注力業界をお聞きしたところ、現在は地域柄、自動車業界をはじめとした、航空宇宙・電機等の製造業のお客様が中心であるものの、相談があれば、様々な業界に対応していく方針をお話いただきました。

「最近ではライフサイエンス分野での対応力を強化するなど、積極的に業界領域を拡大しています。またその時々の評価トレンドにも敏感に対応していきたいと考えています。」

現在は経験、ノウハウ、知識のある技術者を採用していて、同業他社に比べても技術面での差も埋まりつつあるJTL。同業他社に比べて、価格の面でも競争力を高めることができたのはなぜなのでしょうか。

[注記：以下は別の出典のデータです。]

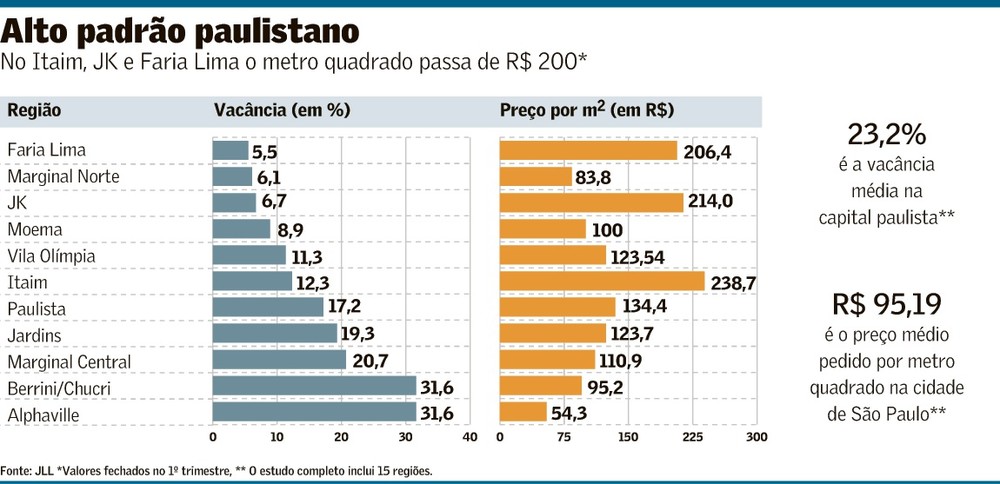 No primeiro trimestre do ano, o mercado de escritórios de alto padrão na cidade de São Paulo terminou com aumento da vacância de 0,6 pontos percentuais, em 23,2%. O desempenho já era esperado, segundo Yara Matsuyama, diretora de locações da JLL, porque o primeiro trimestre é tradicionalmente um dos mais fracos no ano.
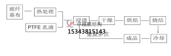 制作膜材的過程中,玻纖布需要進(jìn)行多次浸漬,而且要適當(dāng)控制每次浸漬的樹脂量,過少會(huì)達(dá)不到產(chǎn)品的性能要求,過多則在燒結(jié)后容易出現(xiàn)龜裂現(xiàn)象。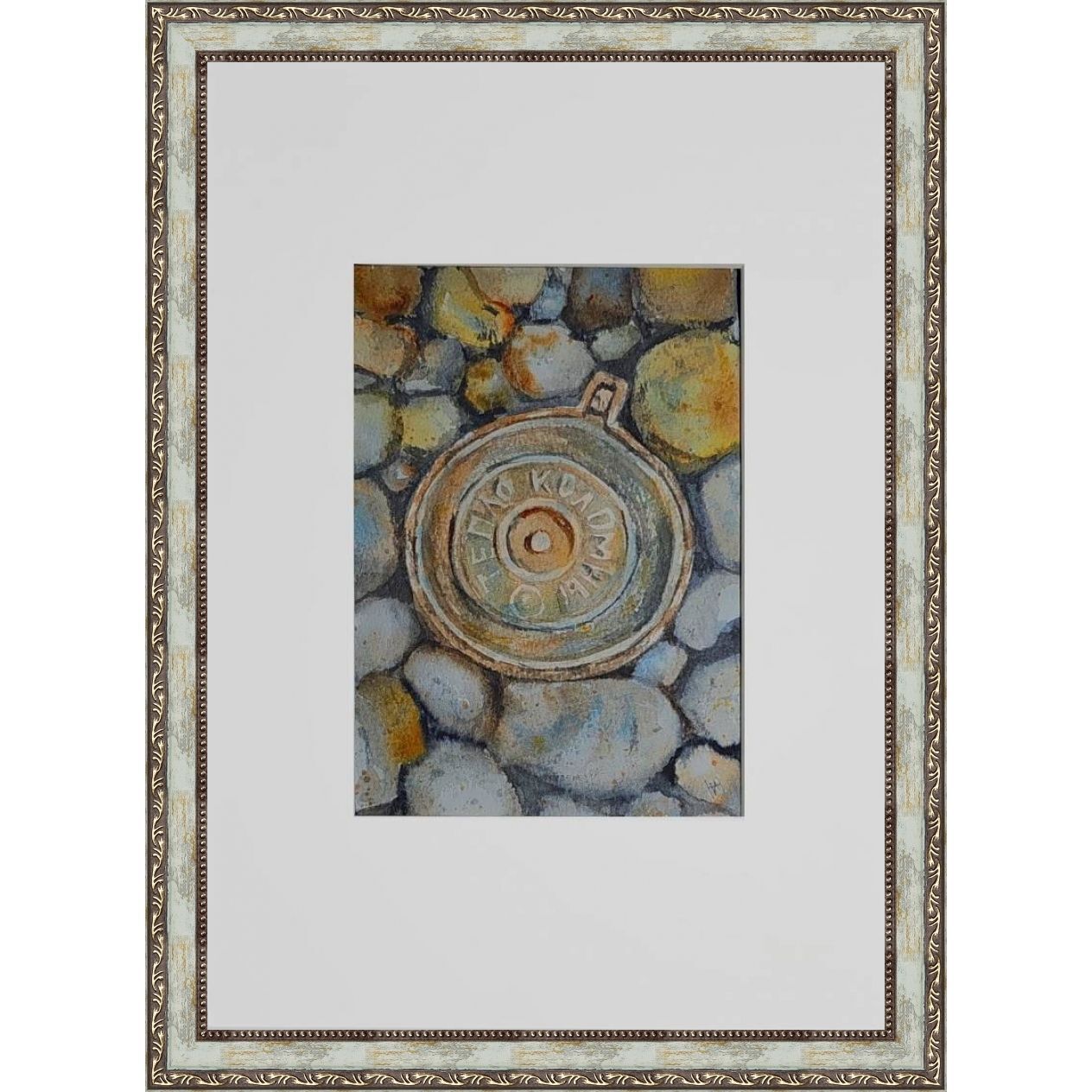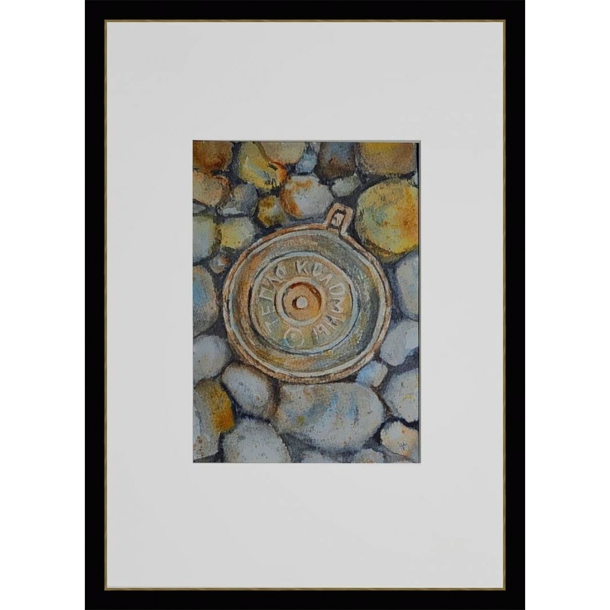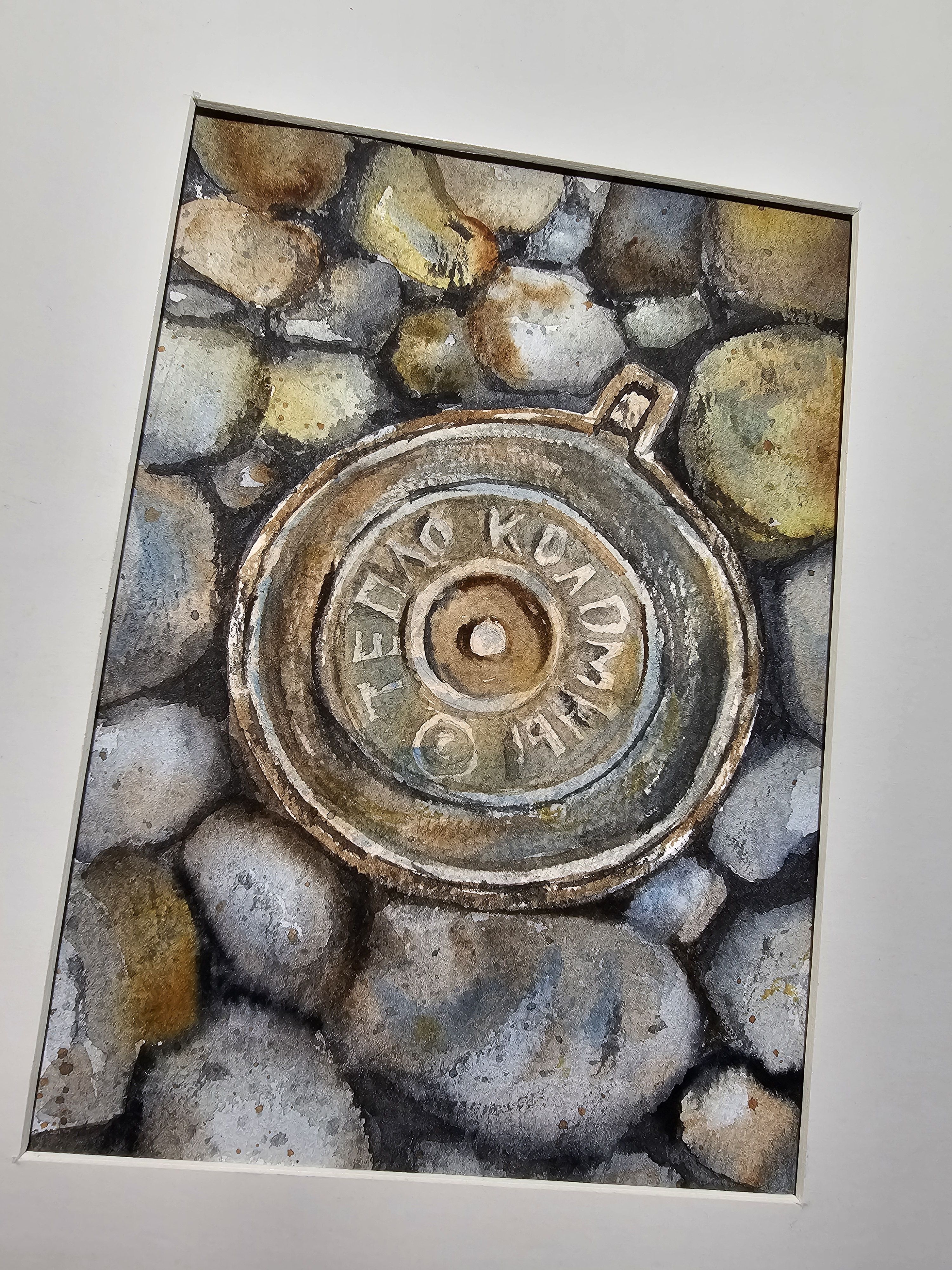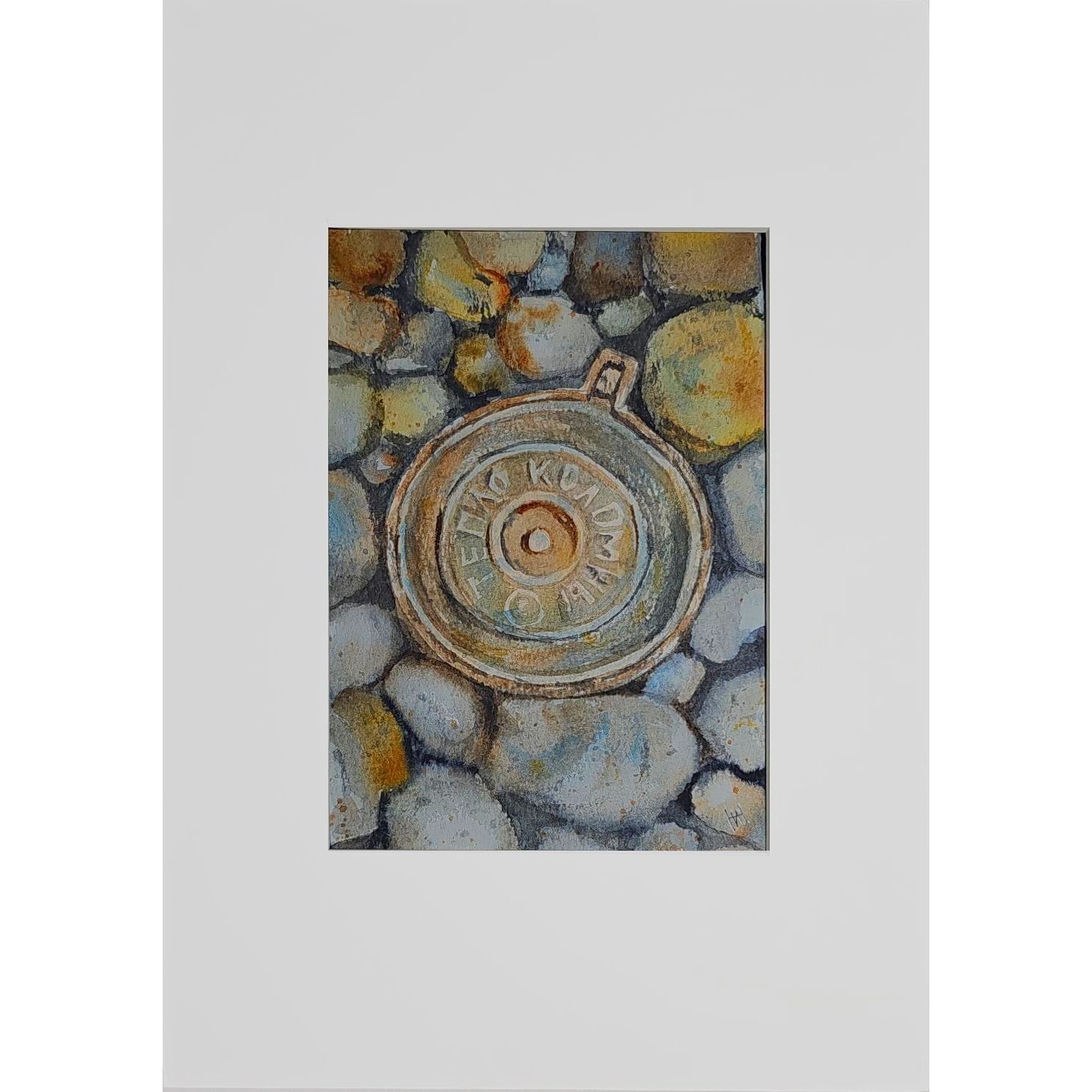 Нам представлен акварельный рисунок, который изображает люк с надписью "ТЕПЛО КОЛОМНЫ" на фоне множества камней или гальки. Люк расположен по центру, а его металлическая текстура четко выражена. Камни вокруг проработаны в серо-бежевых и голубоватых тонах, создавая ощущение натуралистичности и детализации в композиции. Работа оформлена в светлое паспарту, что подчеркивает яркость изображения. Картина готова к размещению в стандартной раме 21*30 см.
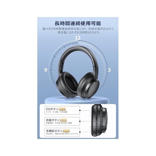 【最大35時間の連続再生が可能&無線・有線両方対応】ワイヤレスヘッドホンは500mAh大容量のバッテリー付き、省電力設計により1回のフルー充電で最大35時間の連続使用が可能です。音楽なら約300曲以上聴することが可能です。ワイヤレスの無線接続により、市販されている99%以上のBluetoothデバイスに適用されます。また、付属の3.5mmオーディオケーブルの有線接続でPC、パソコン、タブレット、スマホなどのデバイスと接続して使用できます。バッテリーが切れた場合や、Bluetooth機能を持たないデバイスとも接続が可能です。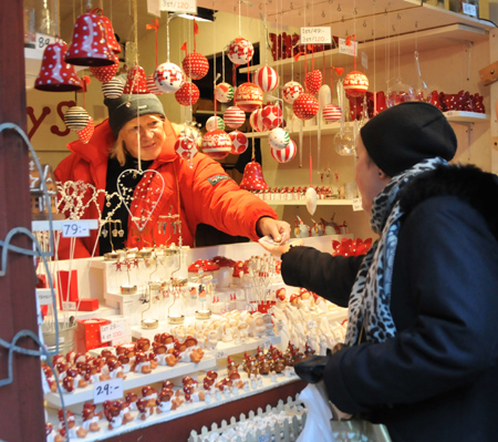 在瑞典首都斯德哥爾摩老城的“大廣場”上,有一個非常有名的圣誕市場,每年從11月22日開市,一直延續(xù)到平安夜前一天的12月23日。這個瑞典最古老的圣誕市場已有數(shù)百年歷史,至今仍然保持著中世紀風(fēng)格。這里不僅周邊環(huán)境傳統(tǒng)氣息非常濃郁,而且銷售的均為傳統(tǒng)的圣誕節(jié)用品,其中許多用品已在瑞典流傳了數(shù)百年。每年圣誕節(jié)來臨之前,不僅前來購物的當?shù)鼐用窠j(luò)繹不絕,還有不少游客慕名而來領(lǐng)略這個古老市場的風(fēng)采。記者 吳平/斯德哥爾摩報道

「野原電研で川下の量産業務を行ってきたからこそ、業務設計や効率化を重視し、利益の捻出する素養があるのかもしれません。同業他社に比べ安い価格設定で提供しても、高い利益率を保っています。」

「組織についても少子高齢化に伴う労働人口減少の時代、労働市場から選ばれる企業になりたいと考えています。近年女性の社員が定着してくれるようになり、男女比はほぼ同じくらいになりました。」

評価業務はアウトソースが主流に。お客様の事業をバリューアップするパートナーへ

今後のJTLの戦略は?
これからの評価業界はどのように変化していくのでしょうか?

「今まで評価業務はお客様の社内で行われていて、設備や場所、リソース、納期等の問題で一部外部に出ており、それをかき集めて受注している状況ですが、それは我々としても面白くないのです。これからはお客様の社内の仕事を取りに行きたいと考えています。」

「評価業務というのは開発、設計、生産技術で必ず発生しますが、合理的に行えているメーカーさんはまだ少ないと考えています。お客様の内部で点在している検査、測定、分析業務をまとめて管理できるようバリューチェーンを再構築し、さらにアウトソーシングできればより効率的に検査、測定、分析業務が行えると考えており、JTLはその業態を推進していきたいと考えています。」

かつて物流業務がそうであったように、評価業務もアウトソーシング化が進むのではないかと野原社長は言います。

「評価業務のアウトソース化が進み、将来的にはお客様と評価会社のパートナーシップを組む形が主流になっていると考えます。」

「日本の生産性が低いといわれているが、弊社は評価という領域から改善に寄与したいのです。専門性を持つ企業同士が組むということは、メーカーにとってはアウトソースの活用が単なる業務の代替ではなく、業務レベルを高め本来やるべきことにフォーカスすることであると考えています。」

おわりに

評価業務を見直すことで時間やコストを節約し、開発品の競争力を上げることは可能かもしれません。一方で、評価業務の重要性が高いが故に、社外に任せることをためらう企業が多いのも確かです。これからの日本の製造業には、評価という立場から製品開発の課題を一緒に乗り越えてくれる本当に信頼できるパートナーが必要なのかもしれません。
今回の取材とインタビューで、JTL社がいかに顧客と二人三脚で評価事業を拡大し今の姿になったのかをお聞きする中で、「開発と評価のパートナーシップ」という製品開発の未来像がすぐ近くに見えた気がしました。

JAPAN TESTING LABORATORIES株式会社
1999年に親会社である野原電研(株)グループ品質保証部門よりJTL(JAPAN TESTING LABORATORIES株式会社(前エイキット株式会社))は設立されました。本社のある岐阜県大垣を含め、豊田、名古屋、神奈川、大阪の全国5か所に加えアメリカにも拠点を置き、今後も近畿・関東エリアにも新規事業所の展開を計画しています。同社は約200種類300台以上の評価設備を保有し、年間約10,000件の取引件数を誇っています。